Im Schälchen: Mahlab, die weichen inneren Samen aus den Felsenkirschkernen
Ich habe ein Töpfchen Steinweichseln geerntet, mit Hilfe einer Flotten Lotte die Steine aus dem Fruchtmus gepult und einige davon im Mörser geknackt. Das schreibt sich jetzt so leicht, aber ganz ehrlich: das war eine Wahnsinns-Arbeit, puh. Steinekloppen halt. Irgendwann hatte ich ungefähr drei Esslöffel Kernchen zusammengekloppt (die sind echt winzig!) und wusste, das mache ich so nicht noch einmal. Ich schau mich lieber mal in türkischen Lebensmittelgeschäften um, da könnte es das Gewürz geben, ansonsten habe ich gesehen, dass man Mahlab auch über Amazon ordern kann. Egal, für ein paar Experimente sollte meine Ernte reichen.
Ich habe Milchreis mit Mahlab gekocht und war sehr angetan von dem subtilen Aroma. Da das Gewürz eine unverkennbare Bitterkomponente hat, sollte man nicht zu viel davon verwenden. Beim Kochen in der Milch entfaltet sich dann der besondere Duft, wie aus 1001 Nacht. Statt Mahlab kann man auch etwas geriebene Tonkabohne, Vanille oder eine Zimtstange im Reis mitkochen. Das alles ist kein 1:1-Ersatz, aber jede Version schmeckt auf ihre Weise wunderbar. Demnächst möchte ich auch noch einmal etwas Herzhaftes (zum Beispiel geschmortes Lamm) und ein Hefegebäck mit Mahlab probieren, aber hier kommt zunächst das Rezept für Reisbrei mit ganz geheimnisvoller Note.

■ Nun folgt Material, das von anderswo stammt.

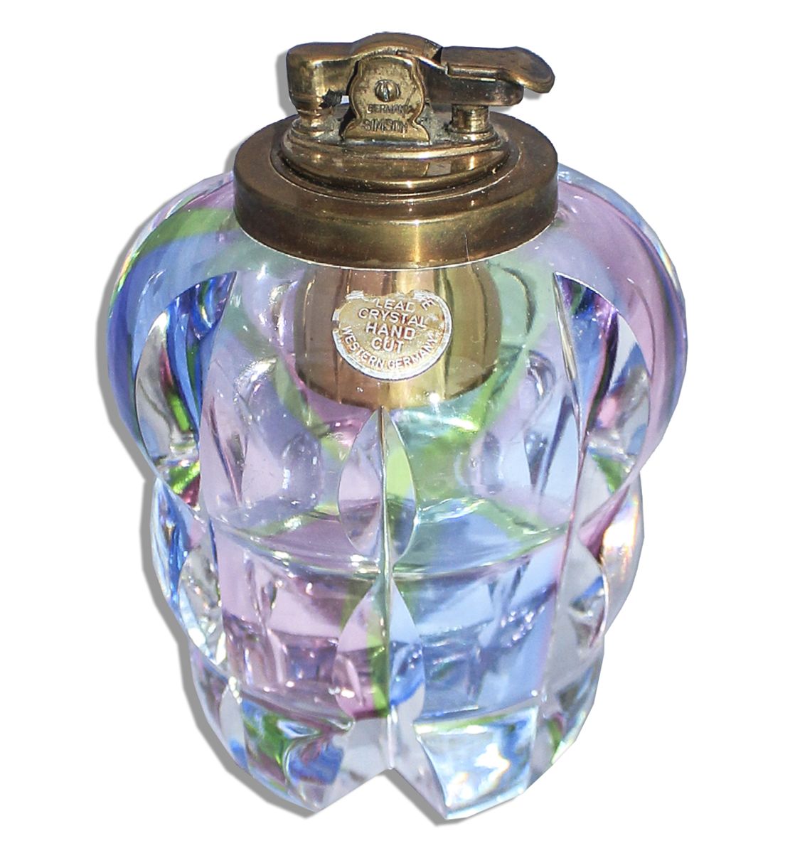 Marlene Dietrich's own crystal table lighter. Beautiful piece is made of hand cut lead crystal by Simson of West Germany. Lighter features a multicolor body with a petrol and flint mechanism on the top and dates to circa 1950-1964. Maker's marks are present on the mechanism. Measures 4.5'' in height and 3.25'' in diameter at its widest. Weighs 1 pound 4 ounces. Near fine. From the estate of Marlene Dietrich.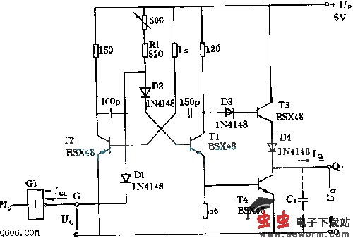 由晶体管T1、T2组成多谐振荡器,与固定电阻Rl串联500欧可调电阻用来调整频率。晶体管T3和T4组成输出级,输出电流Iq在低电平Uql=0.4V时大于48mA,在高电平Uqh=2.9V时大于20mA。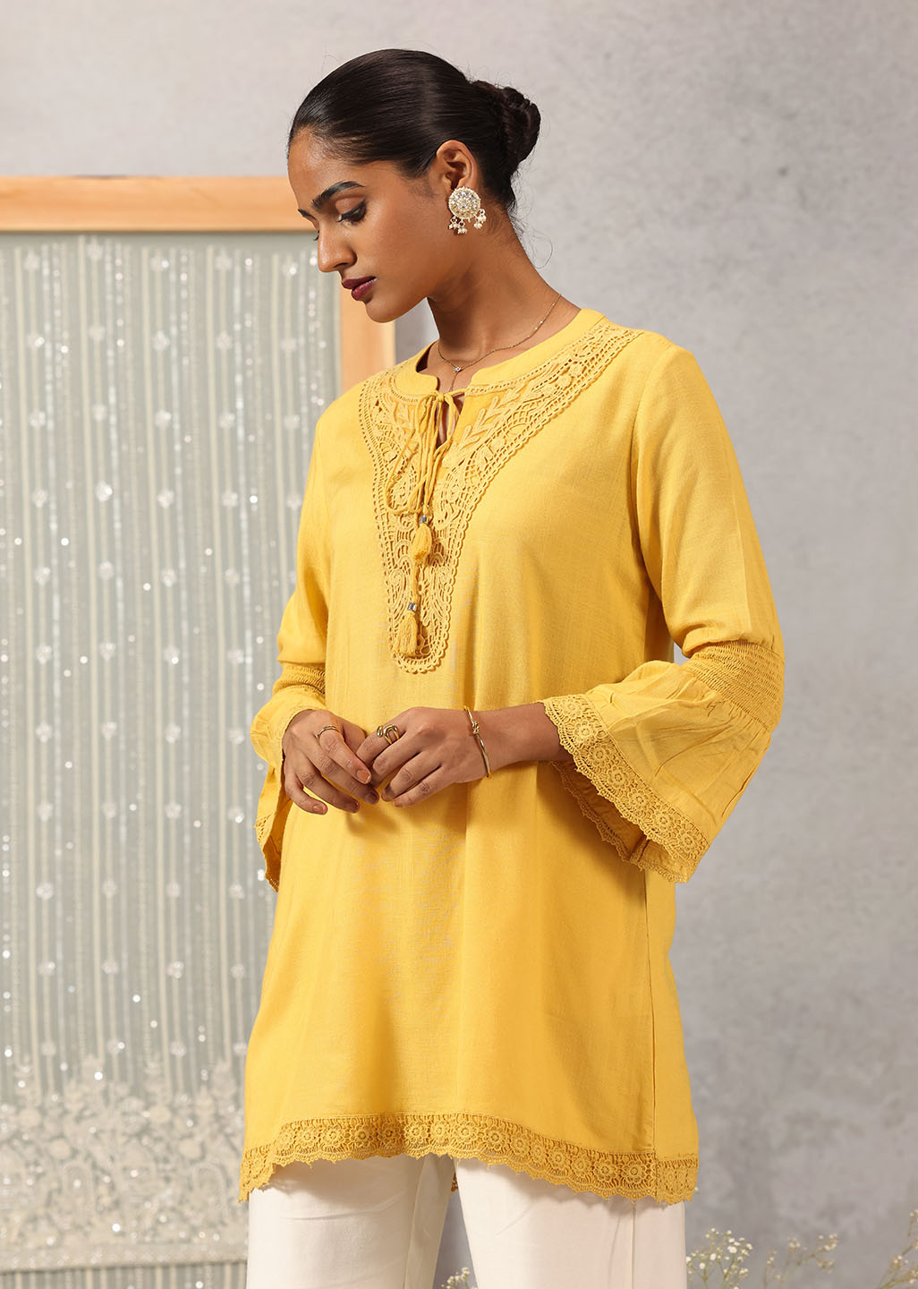 Yellow Solid Tunic with Keyhole Neck and Bell Sleeves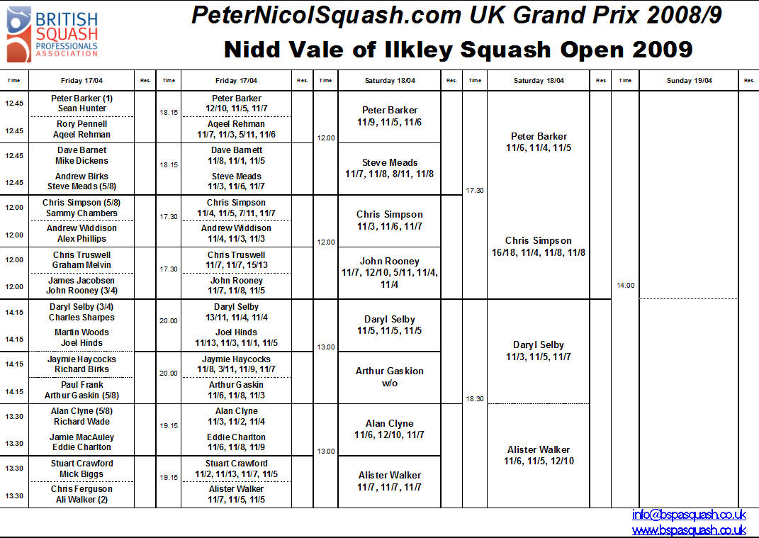 the Nidd Vale Ilkley Squash Open which runs from Friday, April 17,

Orientalischer Milchreis mit Feige und Orange
Für 4 Personen braucht ihr:
1 TL Mahlab
3 EL Zucker + mehr Zucker nach Geschmack
1,1 l Milch
1 Prise Salz
250 g Milchreis
1 Kardamomkapsel
1 Stück Bio-Zitronenschale
2 Orangen
ca. 225 ml Orangensaft
75 g Schlagsahne
1 Feige
Minze und gehackte Pistazien zum Verzieren
Und so geht’s:
Mahlab-Körner mit 2 EL Zucker im Blitzhacker oder einer elektrischen Kaffeemühle zu Pulver mahlen. Oder das Gewürz mit Zucker im Mörser fein zerstoßen. Milch, Salz, Milchreis, Kardamom, Zitronenschale und Mahlab-Zucker in einem Topf aufkochen. Zugedeckt bei sehr schwacher Hitze 25-30 Minuten quellen lassen.
Von den Orangen mit einem scharfen Messer die Schale inklusive allem Weißen abschneiden. Die Orangenfilets zwischen den Trennhäuten herausschneiden, dabei den herabtropfenden Saft in einem Schälchen auffangen und die Trennhäute zum Schluss gut ausdrücken. Mit Orangensaft auf 250 ml auffüllen.
1 EL Zucker in einem weiten Topf schmelzen. Sobald er braun wird, also karamellisiert, mit dem Orangensaft ablöschen. Nicht zu braun werden lassen, sonst schmeckt der Karamell bitter. Beim Ablöschen mit dem kalten Saft wird der geschmolzene Zucker zunächst wieder blitzartig fest. Weiterköcheln und dabei solange rühren, bis der Karamell losgekocht ist. Saft auf ungefähr die Hälfte einkochen. Mit den Orangenfilets mischen und auskühlen lassen.
Milchreis nach Geschmack süßen und etwas abkühlen lassen. Zitronenschale und Kardamomkapsel (wenn man sie denn im Reisbrei finden kann) entfernen. Sahne steif schlagen und unter den Reis heben. Milchreis warm oder kalt servieren und mit Orangen, Orangensaft und Feigenvierteln anrichten. Mit Pistazien und Minze verzieren.